A User-Defined Function (UDF) is code written by a user (or developer) that runs inside the Aerospike database server. UDFs can significantly extend the capability of the Aerospike Database engine in functionality and in performance. Aerospike currently only supports Lua as the UDF language.
See the UDF feature guide.
Compared to other scripting languages, Lua is very simple and powerful.
Lua is a powerful, fast, lightweight, embeddable scripting language. Lua combines simple procedural syntax with powerful data description constructs based on associative arrays and extensible semantics. — Lua.org
Lua has been used to great effect in a number of similar projects, such as arbitrary re-write rules within the Apache Squid proxy, UDFs in both Redis and Postgres, and other projects.
Aerospike creates a queue of Lua contexts—no more than one per thread, per registered UDF—greatly reducing latency and increasing performance.
Record UDFs execute on a single database record. They can create, update, or delete a record.
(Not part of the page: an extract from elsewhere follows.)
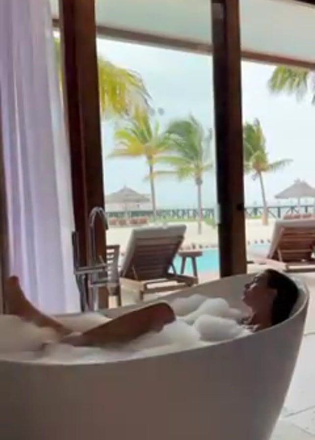 The scene is a woman enjoying a bubble bath in a freestanding white bathtub, situated inside a room with a view of a tropical beach

The Record UDF API provides:
- Access to the record object, including its bins and metadata (generation, TTL)
- Easy manipulation of collection data types (CDTs), such as Map and List
- Easy binary access to blob data types
Record UDFs execute in the transaction main flow. Every Record UDF is part of a flow that accesses a row in the database, creates the Lua Record object, and invokes the Lua function to allows the UDF to operate. Sometimes the record does not exist, which allows the UDF to create a record, and allows record manipulation.
See the feature guide section on Record UDFs.
Stream UDFs perform read-only operations on a collection of records. The Stream UDF system allows a MapReduce style of programming, which is used for common, highly parallel MapReduce jobs such as word count—each row is accessed and a list of words and their counts are emitted. The top results are calculated in a reduce phase. For simple aggregations where counters are simply incremented in a context instead of continually creating and destroying objects, Aerospike provides optimal implementation.
An important difference between the Aerospike Stream UDF system and typical MapReduce frameworks is that the Aerospike Stream UDF is very low latency and has high reliability in a shared-nothing architecture.
Instead of coordinated job control, Stream UDF queries are sent to all cluster nodes by a requesting client. They are managed and prioritized by each server. Results return to the requesting client, which performs final operations (such as reduce or final aggregation) before returning the results to the client.
Although this can result in high memory use on the client, the server cluster is not disrupted by a poorly formed query. If lightweight app servers need to make requests that demand a large final reduce stage, you can add an intermediate application server to use a REST or SOAP API. This acts like a coordinating agent, and that server can have a memory profile that fits the application load.
See the feature guide section on Stream UDFs.
Managing UDF Code in a Cluster
UDFs are managed by the system metadata (SMD) component of the cluster. When a Lua module is registered, it is sent to only one node. That node forwards the request to the current cluster principal, who compares this incoming version with previous versions. If the version is newer, it persists the file to local storage (in a user directory) and sends it to the remaining cluster nodes.
During registration, the file is interpreted. This allows immediate detection of simple parsing errors. Those errors are returned by the registration API.
See Managing UDFs.
UDFs are organized into modules, where a module is a file containing Lua code that was registered with the database. To invoke a UDF from the client the developer will
- Specify the UDF module name.
- Specify the function name within the module to execute.
- Specify arguments to the User-Defined Function (optional).
Many other interpretive languages can only run one execution thread per process. For example, CPython uses globals in its code base, which greatly reduces the ability to run multiple Python contexts per process.
Gateway to C
Lua code can call C functions directly. Although the overhead to do so is measurable, it is simple. Aerospike provides examples of compiling and registering a shared C object, then calling one of the C functions directly from a Lua UDF module.
Protection and Sandboxing
The Aerospike UDFs operate in-process. This maximizes performance, but poorly written UDFs can cause performance problems. Aerospike provides the ability to prevent similar errors in UDFs. Infinite loops are protected through limiting the amount of time spent in a UDF.
Stored Procedures vs. UDFs
Stored procedures are commonly used in database systems. Stored procedures are similar to UDFs in that they are a user application program stored and run in a Relational Database Management System (RDBMS). Stored procedures can read or write one or more records, and so are general-purpose mechanisms.
UDFs are more limited. They operate either on a single record (Record UDFs) or a selected stream of records (Stream UDFs). Record UDFs behave like a traditional UDFs. Stream UDFs behave somewhat like stored procedures—they manage multiple records.